What If "Occupy Wall Street" Could Be Attempted in the Catholic Church?
While participating in the "Occupy Wall Street" protests in lower Manhattan, I have begun to wonder what would happen if Catholics took this model and applied it to their passion for and grievances with their own church.
Imagine a group of Catholics whose deep care for the future of their church is matched by their sense of responsibility to name, protest and change what is intolerable about that church today: in the form of nonviolent physical occupation of spaces, in the form -- necessarily imperfect and unruly -- of democratic organization, in the form of continued open-ended articulations of visions of a different Catholic Church, without prematurely forcing the movement to take on a specific agenda. And yes, in the form of consciousness-raising and of direct action. This would be the Catholic version of the Arab Spring, to combat the long Catholic Winter.
What would the compelling love be for you that would make you consider joining such a movement? Would it be your hope for the church as a sacrament of God's salvation in the world here and now, your faith in the prophetic call of the Spirit that assures a permanently unfinished character to every church arrangement in the name of God's future alone, or would it be your love for the gift of your faith tradition to which you find yourself inseparably wedded for better and for worse, for richer and for poorer, in sickness and in health -- or something else?
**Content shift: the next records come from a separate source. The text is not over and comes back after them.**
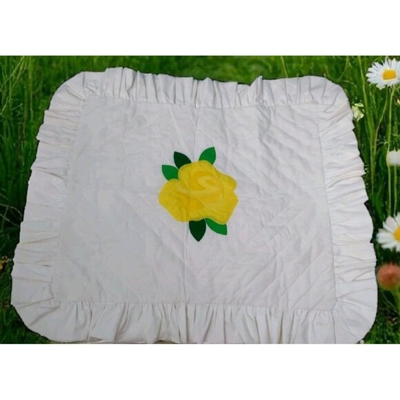 This is a very pretty handmade quilted pillow sham with a ruffle & seen layered yellow flower or rose. Sham measures 26 x 21 & with ruffle measures 33 x 24.
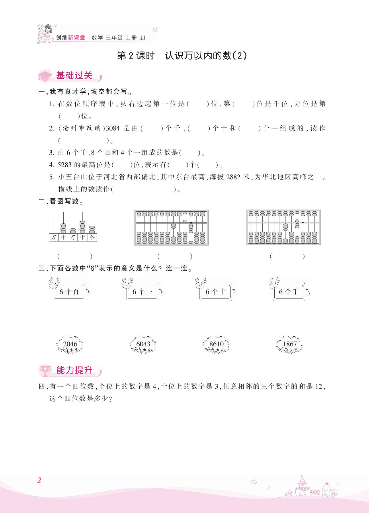 2021上册三年级数学冀教版 一 生活中的大数——第2课时 认识万以内的数(2)
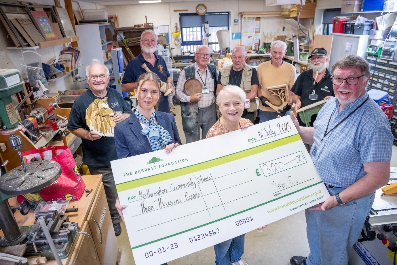 Community support charity, Northampton Community Sheds, has received a £3,000 donation from Barratt Homes to help its work enriching the lives of local people.

What would be the last straw that would make you join such a movement? Would it be the episcopal malfeasance and coverup known as the sexual abuse crisis, would it be the steady disaffiliation, deconversion, and detachment of your family members or friends from the faith as church structures, teachings, and practices become steadily more incredible in contemporary society, or would it be the failure of the church to practice in its internal affairs the justice it preaches to the world -- or something else?
Or, like the "Occupy Wall Street" movement, would the precipitating awareness that would lead you to join such a movement simply be a recognition of the intractibilty of the near invisibility, in everyday church governance, of the overwhelming majority (all non-ordained persons) as compared to the small minority (the ordained)?
Looking at the world and the church in this moment, I would say that now may be some kind of privileged time for such action. Will Catholics take it up?